* What is being asked *
From the records below, output exactly the lines running from the line containing "IDR-A400 4脚セット カウンターチェア" through the line containing "Хлебцы с икоркой", and no others.

+-------+

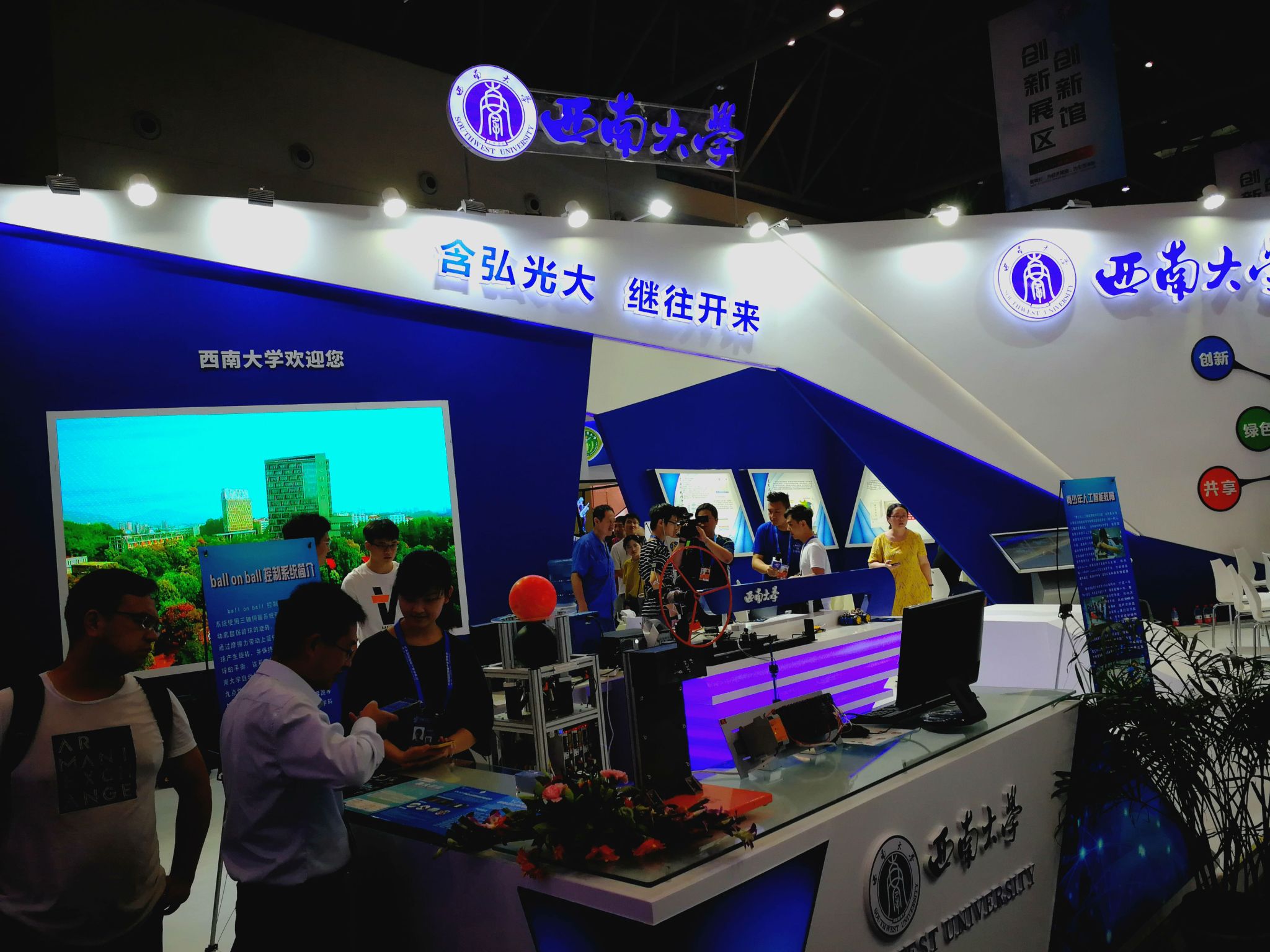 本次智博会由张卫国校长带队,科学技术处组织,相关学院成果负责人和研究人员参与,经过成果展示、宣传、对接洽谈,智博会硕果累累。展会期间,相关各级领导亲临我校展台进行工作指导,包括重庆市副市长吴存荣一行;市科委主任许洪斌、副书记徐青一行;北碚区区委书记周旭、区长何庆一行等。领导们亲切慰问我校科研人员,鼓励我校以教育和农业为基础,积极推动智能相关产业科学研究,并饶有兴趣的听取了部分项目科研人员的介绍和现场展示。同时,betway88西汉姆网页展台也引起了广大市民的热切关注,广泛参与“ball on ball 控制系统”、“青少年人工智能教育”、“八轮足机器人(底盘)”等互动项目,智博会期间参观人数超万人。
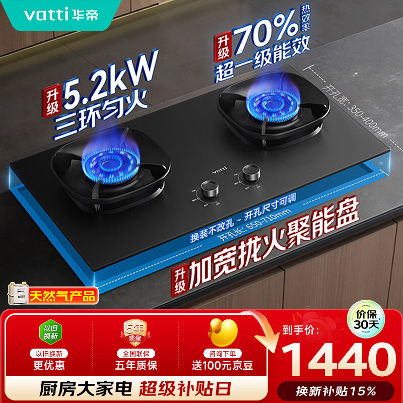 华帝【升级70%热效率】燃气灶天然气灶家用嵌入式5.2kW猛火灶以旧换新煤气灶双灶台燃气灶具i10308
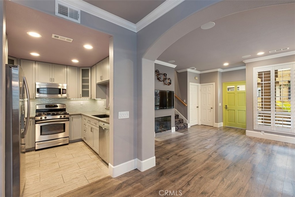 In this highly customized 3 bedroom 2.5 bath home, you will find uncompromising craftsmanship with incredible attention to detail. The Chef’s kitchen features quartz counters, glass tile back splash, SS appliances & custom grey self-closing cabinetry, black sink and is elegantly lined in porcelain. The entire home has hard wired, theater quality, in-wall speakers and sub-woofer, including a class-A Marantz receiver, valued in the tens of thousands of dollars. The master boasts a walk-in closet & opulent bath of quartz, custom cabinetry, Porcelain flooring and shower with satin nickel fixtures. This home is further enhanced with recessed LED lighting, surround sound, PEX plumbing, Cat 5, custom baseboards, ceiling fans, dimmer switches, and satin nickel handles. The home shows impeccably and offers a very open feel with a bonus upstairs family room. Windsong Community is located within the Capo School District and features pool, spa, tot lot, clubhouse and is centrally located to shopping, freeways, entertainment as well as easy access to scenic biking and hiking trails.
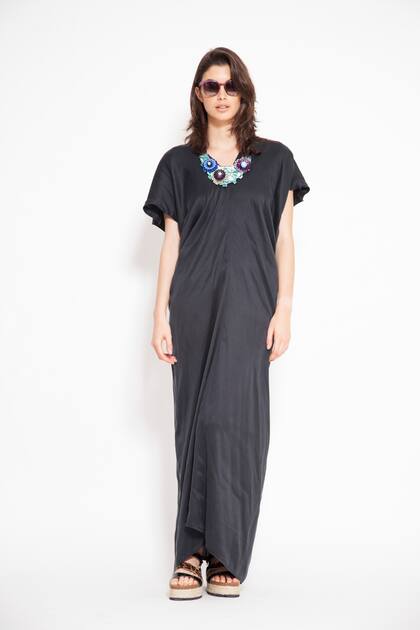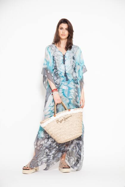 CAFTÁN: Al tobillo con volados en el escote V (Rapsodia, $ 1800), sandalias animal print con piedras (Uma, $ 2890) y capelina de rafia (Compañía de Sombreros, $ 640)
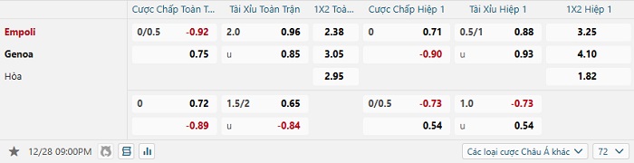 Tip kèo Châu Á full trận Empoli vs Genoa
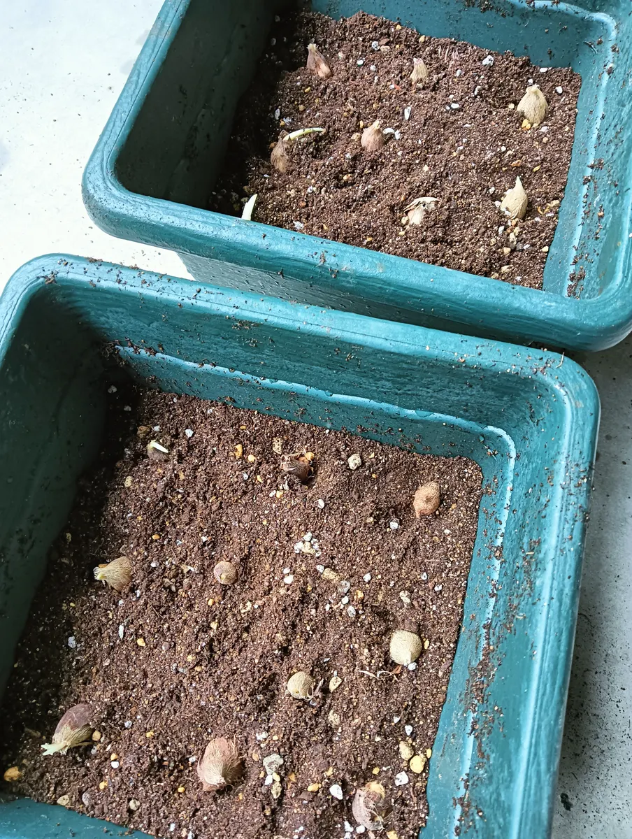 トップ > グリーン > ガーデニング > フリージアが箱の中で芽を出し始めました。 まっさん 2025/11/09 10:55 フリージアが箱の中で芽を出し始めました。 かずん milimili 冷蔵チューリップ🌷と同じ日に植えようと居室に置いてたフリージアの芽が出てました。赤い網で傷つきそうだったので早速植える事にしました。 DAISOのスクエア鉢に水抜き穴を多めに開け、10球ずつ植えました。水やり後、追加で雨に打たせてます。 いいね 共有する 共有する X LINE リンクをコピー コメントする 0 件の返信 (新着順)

+-------+

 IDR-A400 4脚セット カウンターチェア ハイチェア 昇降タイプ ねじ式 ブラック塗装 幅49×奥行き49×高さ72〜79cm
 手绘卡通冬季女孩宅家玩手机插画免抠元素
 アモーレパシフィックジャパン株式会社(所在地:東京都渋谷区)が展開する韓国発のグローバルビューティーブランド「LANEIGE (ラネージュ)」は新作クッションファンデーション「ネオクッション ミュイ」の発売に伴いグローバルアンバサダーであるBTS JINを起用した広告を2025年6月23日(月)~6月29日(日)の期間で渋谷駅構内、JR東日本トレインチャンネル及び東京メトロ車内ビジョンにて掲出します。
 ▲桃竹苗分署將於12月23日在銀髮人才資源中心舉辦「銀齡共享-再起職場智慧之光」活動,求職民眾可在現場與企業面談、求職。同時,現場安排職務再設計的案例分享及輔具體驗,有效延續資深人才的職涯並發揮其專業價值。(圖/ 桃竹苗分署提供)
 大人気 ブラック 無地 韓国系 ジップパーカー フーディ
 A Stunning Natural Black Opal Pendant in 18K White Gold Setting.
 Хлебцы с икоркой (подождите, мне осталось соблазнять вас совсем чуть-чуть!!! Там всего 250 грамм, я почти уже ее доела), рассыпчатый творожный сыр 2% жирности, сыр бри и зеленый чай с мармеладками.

+-------+

* Output below *
 IDR-A400 4脚セット カウンターチェア ハイチェア 昇降タイプ ねじ式 ブラック塗装 幅49×奥行き49×高さ72〜79cm
 手绘卡通冬季女孩宅家玩手机插画免抠元素
 アモーレパシフィックジャパン株式会社(所在地:東京都渋谷区)が展開する韓国発のグローバルビューティーブランド「LANEIGE (ラネージュ)」は新作クッションファンデーション「ネオクッション ミュイ」の発売に伴いグローバルアンバサダーであるBTS JINを起用した広告を2025年6月23日(月)~6月29日(日)の期間で渋谷駅構内、JR東日本トレインチャンネル及び東京メトロ車内ビジョンにて掲出します。
 ▲桃竹苗分署將於12月23日在銀髮人才資源中心舉辦「銀齡共享-再起職場智慧之光」活動,求職民眾可在現場與企業面談、求職。同時,現場安排職務再設計的案例分享及輔具體驗,有效延續資深人才的職涯並發揮其專業價值。(圖/ 桃竹苗分署提供)
 大人気 ブラック 無地 韓国系 ジップパーカー フーディ
 A Stunning Natural Black Opal Pendant in 18K White Gold Setting.
 Хлебцы с икоркой (подождите, мне осталось соблазнять вас совсем чуть-чуть!!! Там всего 250 грамм, я почти уже ее доела), рассыпчатый творожный сыр 2% жирности, сыр бри и зеленый чай с мармеладками.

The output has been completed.